Русская литература | Филологический аспект №12 (44) Декабрь, 2018

УДК 82.091

Дата публикации 29.12.2018

Проблема телесности как способ создания идеологического подтекста в рассказе Ю.Нагибина «Чужая»

Самосюк Наталья Львовна
Военный институт (инженерно-технический) Военной академии материально-технического обеспечения имени генерала армии А. В. Хрулёва, г. Санкт-Петербург ул. Захарьевская д.22, Кафедра иностранных и русского языков, s.n.l@rambler.ru

Аннотация: Исследование посвящено проблеме телесности, которая в рассказе Ю.Нагибин «Чужая» является способом концептуализации физического облика героинь. При внесении в поэтику рассказа опыта Ю.Нагибина в осмыслении проблемы телесности как режиссера, психологическая драма героев получает идеологический подтекст, ранее не выявленный исследователями. Включение понятия культурной памяти в анализ художественно мира позволяет увидеть в частном субъективном переживании героев историческую перспективу. В этом случае мифологические образы героинь прошлого уступают место образу героини, представляющей новый тип женской красоты, вместе с которым утверждается совершенно иная модель поведения. Далеко не безупречная, обозначенная через репрезентацию телесного образа, она оказывается по-своему знаковым явлением для эпохи, пришедшей на смену истории трудовых подвигов советского периода.
Ключевые слова: телесность, мифологичность, историческая перспектива, психологизм, концептуализация детали

The problem of a living body image as a way of creating an ideological implication in a novel by Y. Nagibin

Samosyuk N.L.
Millitary Technical Institute in Millitary delivery and transport аcademy after general army A.V.Hrulerv, Saint-Petersburg R.F. Saharievscaya, h.22, Department of foreign and russian languages

Abstract: The research concerns the problem of living body image as a way of the concept creating in the physical appearance of female heroines in novel by Y. Nagibin. Including his experience as a screenwriter to the problem of visual representation forms and filling these forms by ideological meaning writer transforms the mental conflict as a conflict of senses into a question of change the ethical perspective. From this viewpoint the image of the living body as it has been formed in previous period being replaced by the new type of female beauty. Far from impeccable a physical appearance of the new heroine is a sign of new era with the mark of beginning of new hope.
Keywords: a living body image, myth establishment, historical perspective, psychology, conception of detail

Конфликтная ситуация в рассказе Ю.Нагибина «Чужая» (1976) создается за счет детально прорисованных психологических состояний героев. Этот аспект художественного мира писателя хорошо изучен в литературоведении. Например, Шестакова Т.А. в диссертации «Структура персонажа и принципы психологизма в рассказах Юрия Нагибина, 1960-1970-е» (2006) обобщает сказанное советскими и российскими исследователями о специфике конфликтной ситуации  в произведениях Ю.Нагибина. «Структура персонажа дает представление о сфере психической жизни, изучаемой и изображаемой писателем. Предметом изображения являются: возрастная психология, психология творчества, психология семейных отношений, человек и его социальное окружение, внутренний мир индивидуума, необычные и непознанные явления в области психики» [3].
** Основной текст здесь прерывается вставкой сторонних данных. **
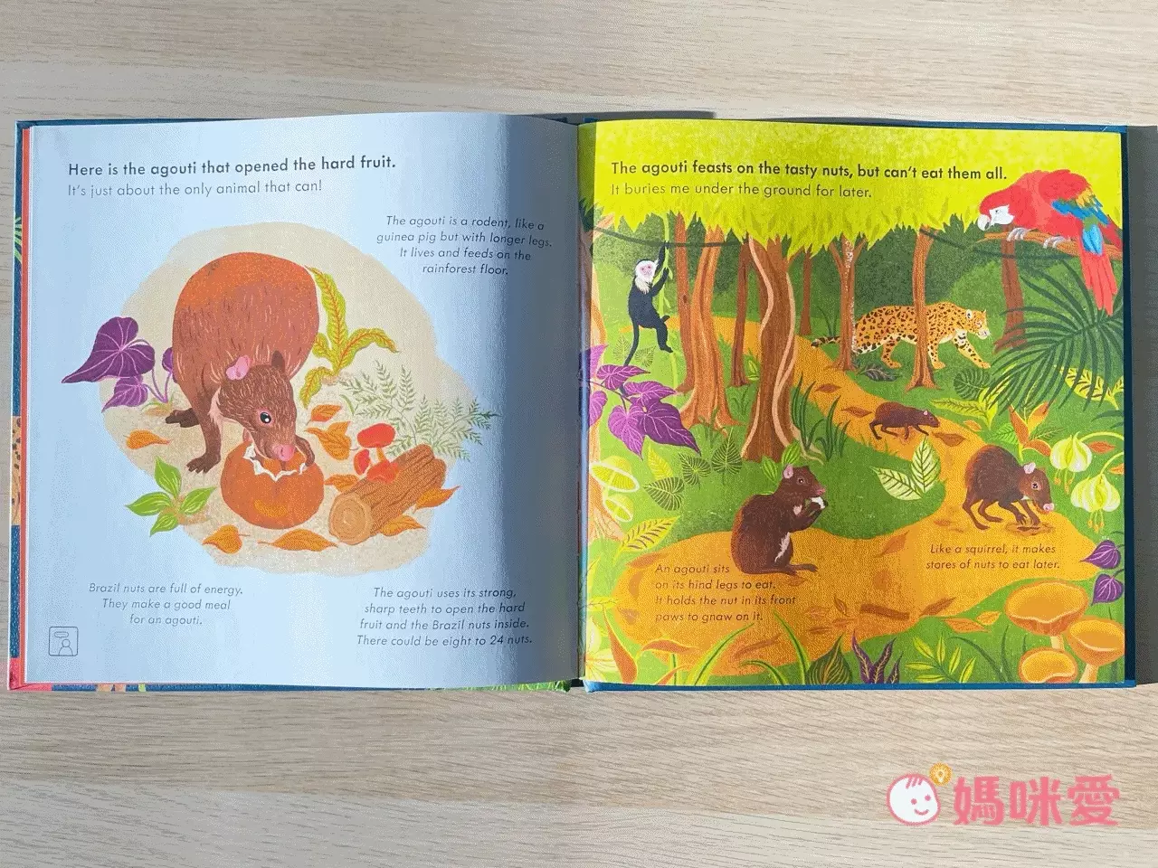 書裡可以認識我們平常看不到的雨林動植物和生態環境之外,也能從細緻的插畫線條裡看到種子在落地發芽的過程(平常才不會看到種子落地深根的剖面咧)

Тонкий рисунок психологической драмы необходим для того чтобы вскрыть нечто большее, чем разрыв Путятина с нелюбимой женщиной. Введение еще одной сюжетной линии – приезд на завод знаменитого режиссера и готовящиеся съемки документального фильма о Восточной Сибири, - с одной стоны, позволяет внести в психологические коллизии  взгляд стороннего наблюдателя, который ассоциируется с ходом жизни, существующей как непрерывный процесс перемен вне эмоциональной жизни героев. А с другой, - появление человека, для которого проблема настоящего интересна только с учетом перспективы прожитых лет предполагает вопрос об исторической преемственности поколений. Полифонизм конфликтных линий передается в рассказе и через описание психологических состояний героев, и через концептуализацию детали.

С появлением в рассказе режиссера драматургия эмоций основного конфликта  приобретает концептуальное наполнение в контексте героического прошлого, связанного с индустриализацией края. Настоящие начинает разворачиваться в сюжетную линию, а будущее приобретает очертания чего-то пугающего, связанного с теми изменениями в жизни героев, начало которым положил Путятин своим разрывом с любимой всеми Липочкой и женитьбой на хрупкой и малопонятной Кунгурцеву Вере Дмитриевне.   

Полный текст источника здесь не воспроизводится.